WHAT IS EXPECTED: Copy exactly, beginning with the line holding "1.2019年1月7日到1月" and ending with the final line of the data beneath this task; copy nothing else, and leave out every picture.

BEGIN

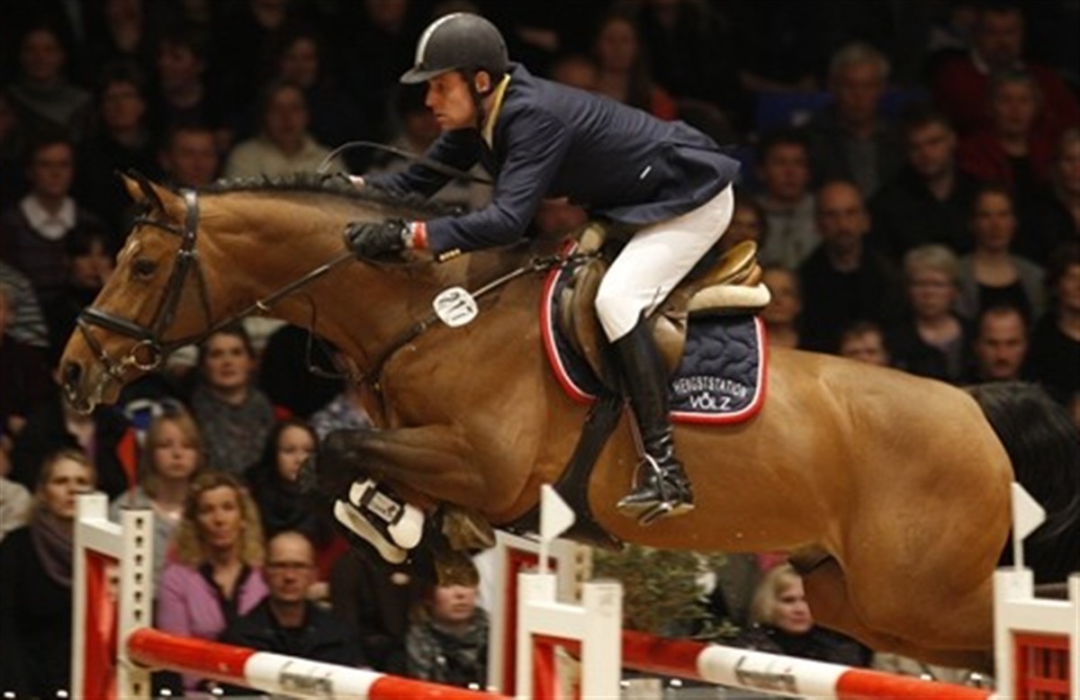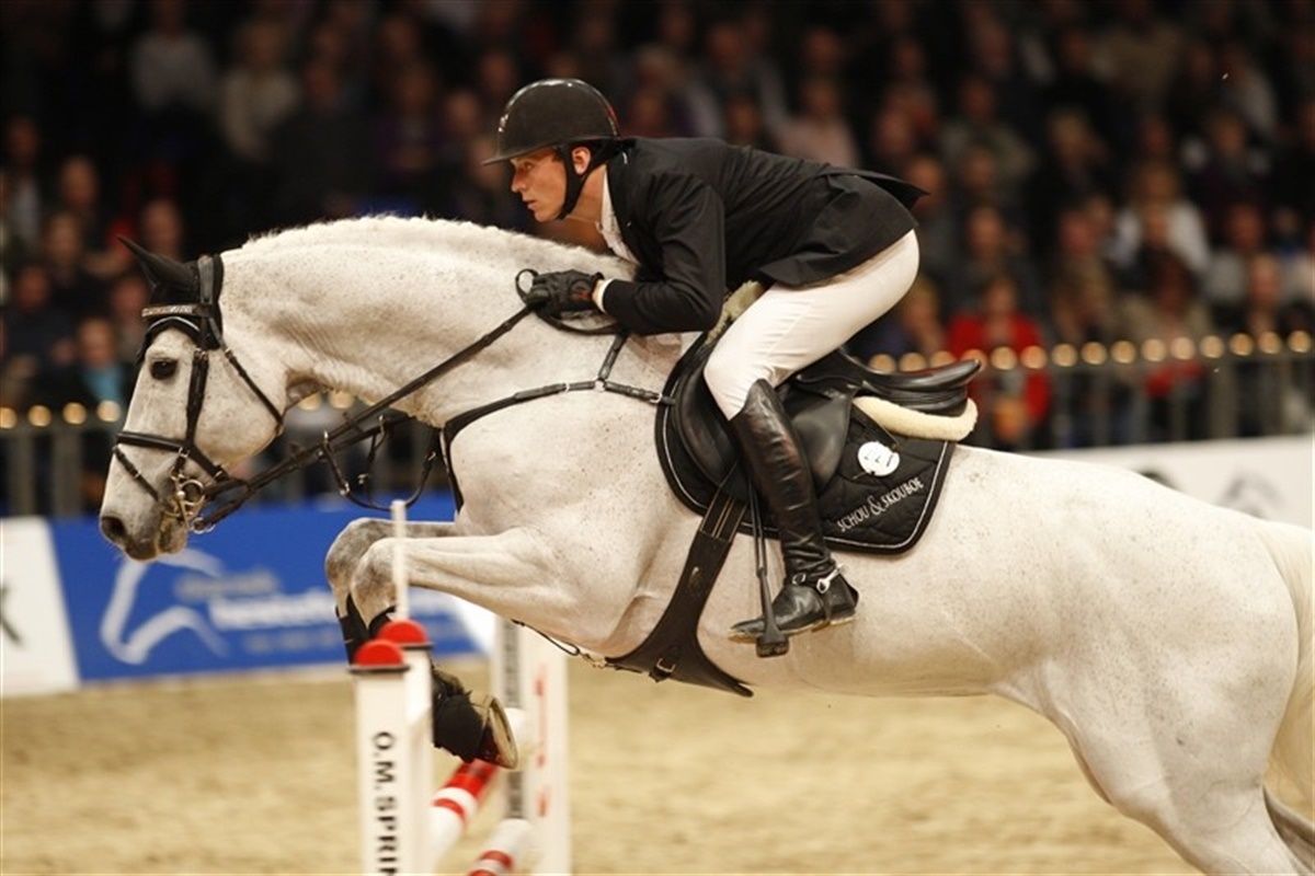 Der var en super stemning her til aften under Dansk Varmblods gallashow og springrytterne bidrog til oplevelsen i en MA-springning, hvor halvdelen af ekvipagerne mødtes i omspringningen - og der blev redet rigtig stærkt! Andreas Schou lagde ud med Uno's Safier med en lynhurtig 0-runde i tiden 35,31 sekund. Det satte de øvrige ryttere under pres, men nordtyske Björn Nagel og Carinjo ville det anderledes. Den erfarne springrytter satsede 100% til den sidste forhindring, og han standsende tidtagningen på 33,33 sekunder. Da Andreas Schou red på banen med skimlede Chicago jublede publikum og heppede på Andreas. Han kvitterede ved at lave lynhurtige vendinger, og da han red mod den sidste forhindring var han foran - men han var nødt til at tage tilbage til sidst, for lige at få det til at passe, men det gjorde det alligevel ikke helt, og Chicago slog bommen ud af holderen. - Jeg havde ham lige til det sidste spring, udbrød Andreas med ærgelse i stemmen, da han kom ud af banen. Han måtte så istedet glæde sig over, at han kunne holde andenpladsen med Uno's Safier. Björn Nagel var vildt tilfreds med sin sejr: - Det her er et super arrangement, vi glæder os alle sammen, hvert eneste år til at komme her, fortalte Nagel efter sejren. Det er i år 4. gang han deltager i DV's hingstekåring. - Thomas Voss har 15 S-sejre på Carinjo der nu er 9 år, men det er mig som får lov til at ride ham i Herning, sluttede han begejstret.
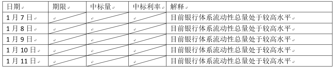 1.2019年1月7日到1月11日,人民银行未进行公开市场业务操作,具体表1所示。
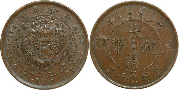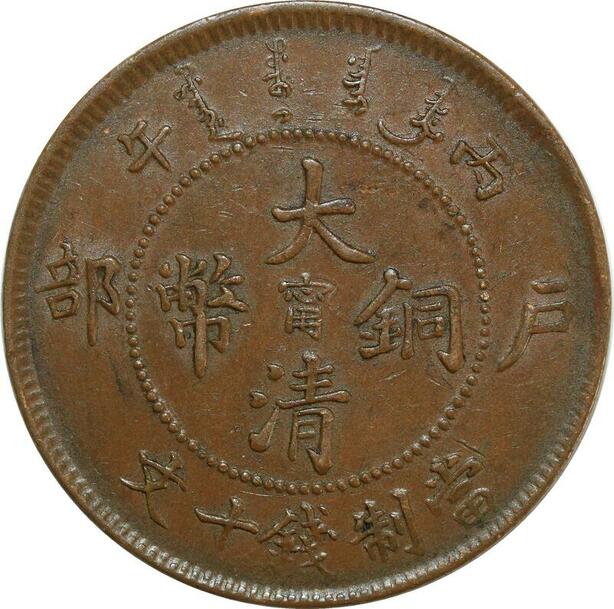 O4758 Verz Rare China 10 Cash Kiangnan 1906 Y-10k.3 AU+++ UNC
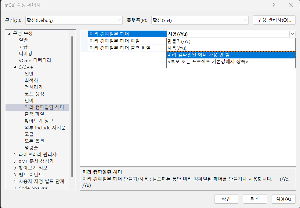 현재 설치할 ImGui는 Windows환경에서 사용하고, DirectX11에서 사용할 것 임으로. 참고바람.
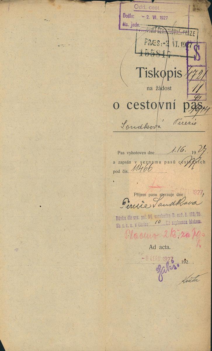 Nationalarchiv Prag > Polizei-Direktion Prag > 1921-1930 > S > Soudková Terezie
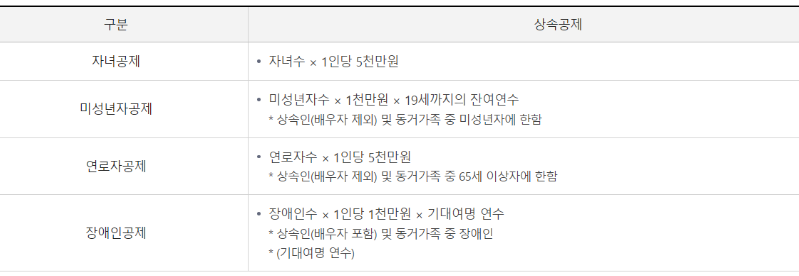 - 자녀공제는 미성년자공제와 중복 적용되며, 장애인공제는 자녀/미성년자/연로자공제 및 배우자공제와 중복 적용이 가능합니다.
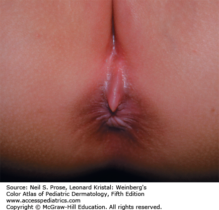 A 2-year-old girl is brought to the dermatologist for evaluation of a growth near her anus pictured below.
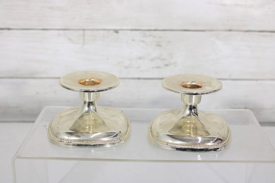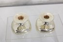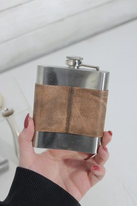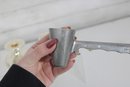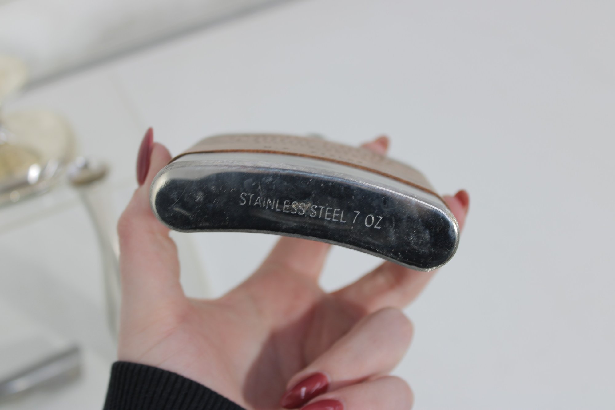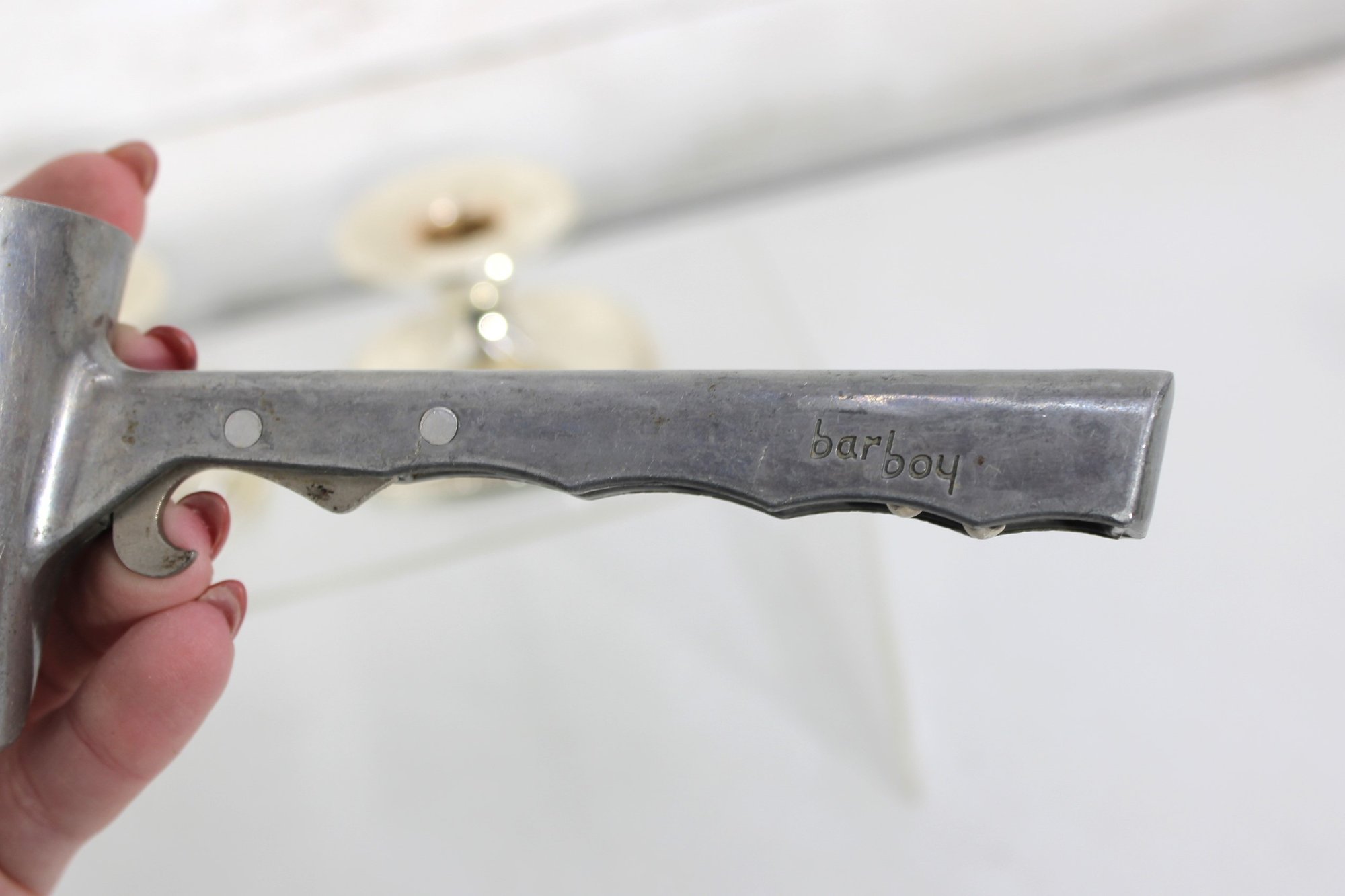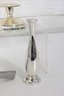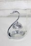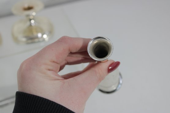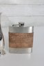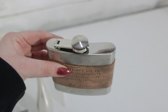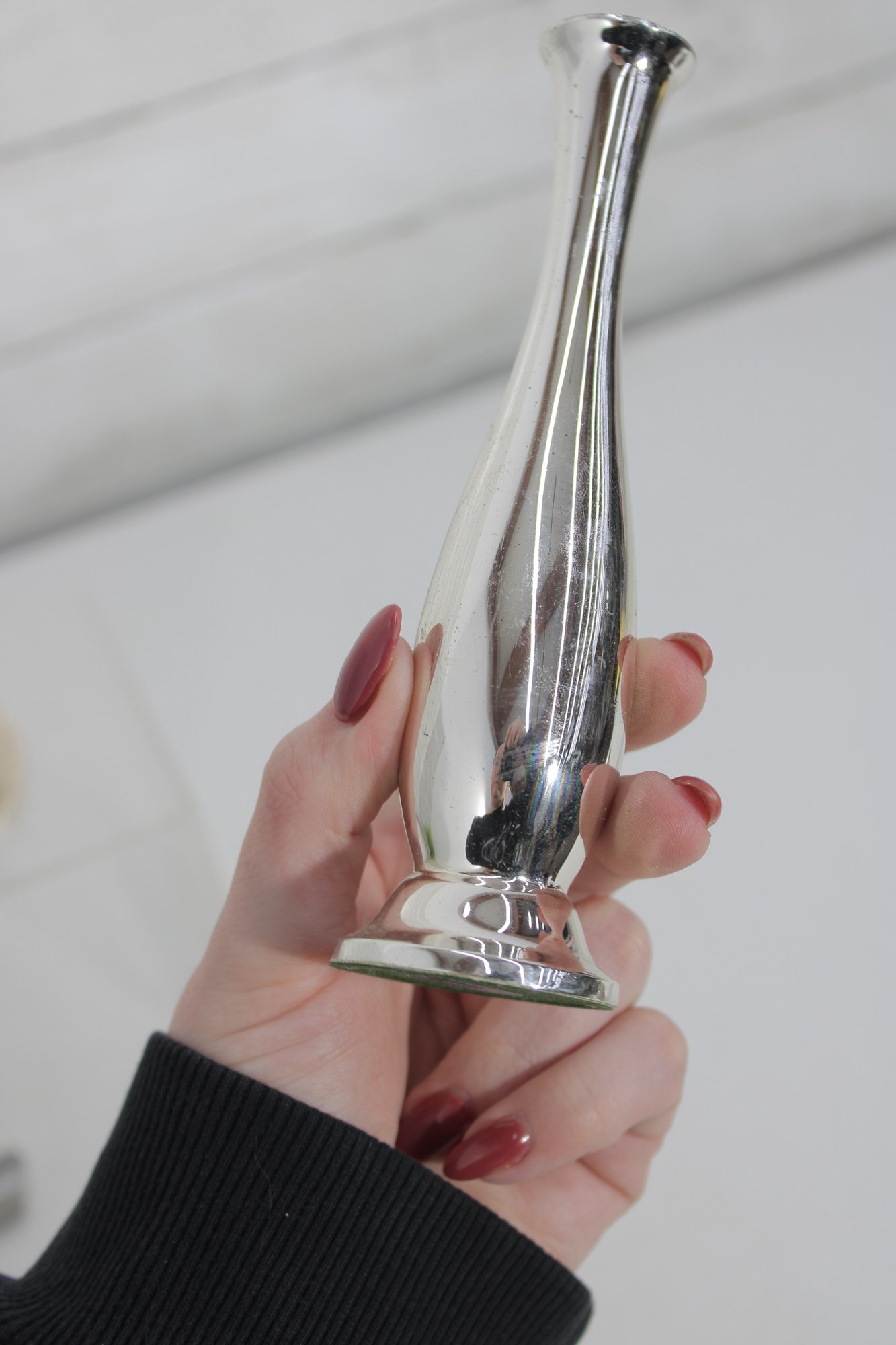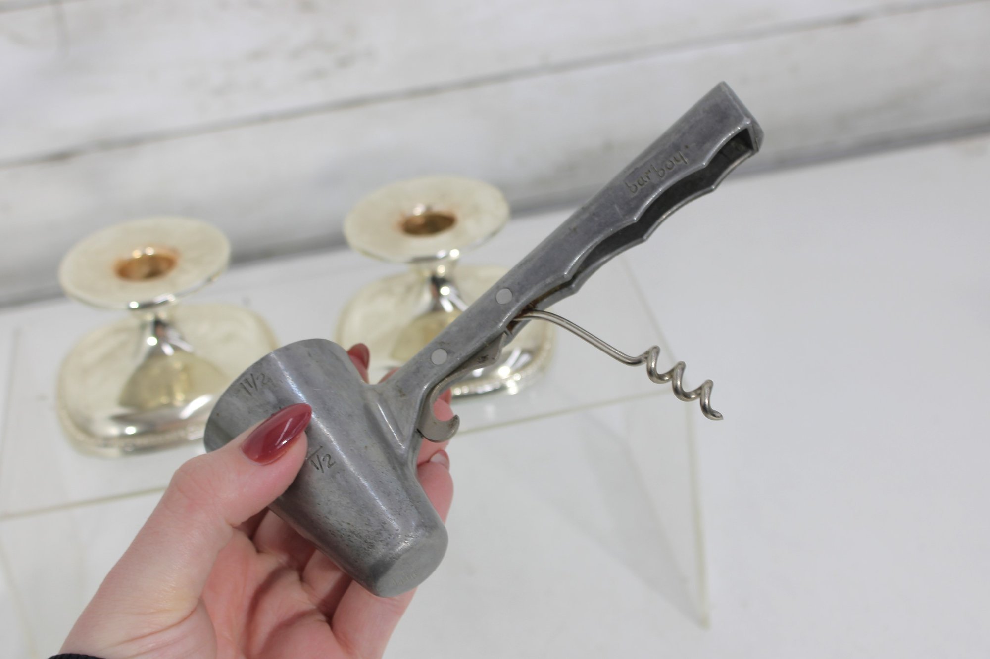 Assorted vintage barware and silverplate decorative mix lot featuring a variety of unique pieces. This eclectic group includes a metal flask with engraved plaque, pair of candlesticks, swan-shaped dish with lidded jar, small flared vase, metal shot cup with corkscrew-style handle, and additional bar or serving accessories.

END

ANSWER BELOW:
 1.2019年1月7日到1月11日,人民银行未进行公开市场业务操作,具体表1所示。
 O4758 Verz Rare China 10 Cash Kiangnan 1906 Y-10k.3 AU+++ UNC
 현재 설치할 ImGui는 Windows환경에서 사용하고, DirectX11에서 사용할 것 임으로. 참고바람.
 Nationalarchiv Prag > Polizei-Direktion Prag > 1921-1930 > S > Soudková Terezie
 - 자녀공제는 미성년자공제와 중복 적용되며, 장애인공제는 자녀/미성년자/연로자공제 및 배우자공제와 중복 적용이 가능합니다.
 A 2-year-old girl is brought to the dermatologist for evaluation of a growth near her anus pictured below.
 Assorted vintage barware and silverplate decorative mix lot featuring a variety of unique pieces. This eclectic group includes a metal flask with engraved plaque, pair of candlesticks, swan-shaped dish with lidded jar, small flared vase, metal shot cup with corkscrew-style handle, and additional bar or serving accessories.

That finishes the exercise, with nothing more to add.